§ PROBLEM: Should the listing contain images, exclude them; give the rest again exactly.

§ EXERCISE DATA:
※

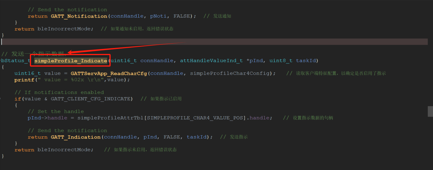 bStatus_t simpleProfile_Indicate(uint16_t connHandle, attHandleValueInd_t *pInd, uint8_t taskId) { uint16_t value = GATTServApp_ReadCharCfg(connHandle, simpleProfileChar4Config); // 读取客户端特征配置,以确定是否启用了指示 printf(" value = %02x \r\n",value); // If notifications enabled if(value & GATT_CLIENT_CFG_INDICATE) // 如果指示已启用 { // Set the handle pInd->handle = simpleProfileAttrTbl[SIMPLEPROFILE_CHAR4_VALUE_POS].handle; // 设置指示数据的句柄 // Send the notification return GATT_Indication(connHandle, pInd, FALSE, taskId); // 发送指示 } return bleIncorrectMode; // 如果指示未启用,返回错误状态 }
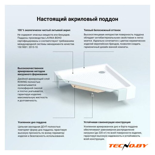 квадратный, 100x100 см, акрил, низкий, 15 см, противоскользящее покрытие дна, цвет: белый
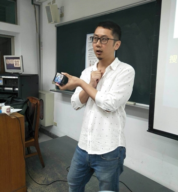 楊老師簡單地介紹所謂的「AR擴增實境」就是指將虛擬影像疊加於實體物件,透過媒介呈現出來;「VR虛擬實境」則是利用電腦模擬產生一個三維空間的虛擬世界,提供使用者關於視覺等感官的模擬,讓使用者感覺身歷其境。楊老師說這些技術常常被拿來應用在電影、藝術、書本及遊戲方面上。比如說最近剛上映的《毀滅大作戰》,在電影宣傳期間,為了要讓民眾可以感受到巨獸的震撼,還加入了「AR擴增實境」的元素,使大家可以親身體驗當下的刺激感。甚至在美國的電影播放前,結合預告片和AR遊戲,讓觀眾能夠互動贏得爆米花優惠卷,增加不少看電影的樂趣。

※

§ ANSWER BELOW:
 bStatus_t simpleProfile_Indicate(uint16_t connHandle, attHandleValueInd_t *pInd, uint8_t taskId) { uint16_t value = GATTServApp_ReadCharCfg(connHandle, simpleProfileChar4Config); // 读取客户端特征配置,以确定是否启用了指示 printf(" value = %02x \r\n",value); // If notifications enabled if(value & GATT_CLIENT_CFG_INDICATE) // 如果指示已启用 { // Set the handle pInd->handle = simpleProfileAttrTbl[SIMPLEPROFILE_CHAR4_VALUE_POS].handle; // 设置指示数据的句柄 // Send the notification return GATT_Indication(connHandle, pInd, FALSE, taskId); // 发送指示 } return bleIncorrectMode; // 如果指示未启用,返回错误状态 }
 квадратный, 100x100 см, акрил, низкий, 15 см, противоскользящее покрытие дна, цвет: белый
 楊老師簡單地介紹所謂的「AR擴增實境」就是指將虛擬影像疊加於實體物件,透過媒介呈現出來;「VR虛擬實境」則是利用電腦模擬產生一個三維空間的虛擬世界,提供使用者關於視覺等感官的模擬,讓使用者感覺身歷其境。楊老師說這些技術常常被拿來應用在電影、藝術、書本及遊戲方面上。比如說最近剛上映的《毀滅大作戰》,在電影宣傳期間,為了要讓民眾可以感受到巨獸的震撼,還加入了「AR擴增實境」的元素,使大家可以親身體驗當下的刺激感。甚至在美國的電影播放前,結合預告片和AR遊戲,讓觀眾能夠互動贏得爆米花優惠卷,增加不少看電影的樂趣。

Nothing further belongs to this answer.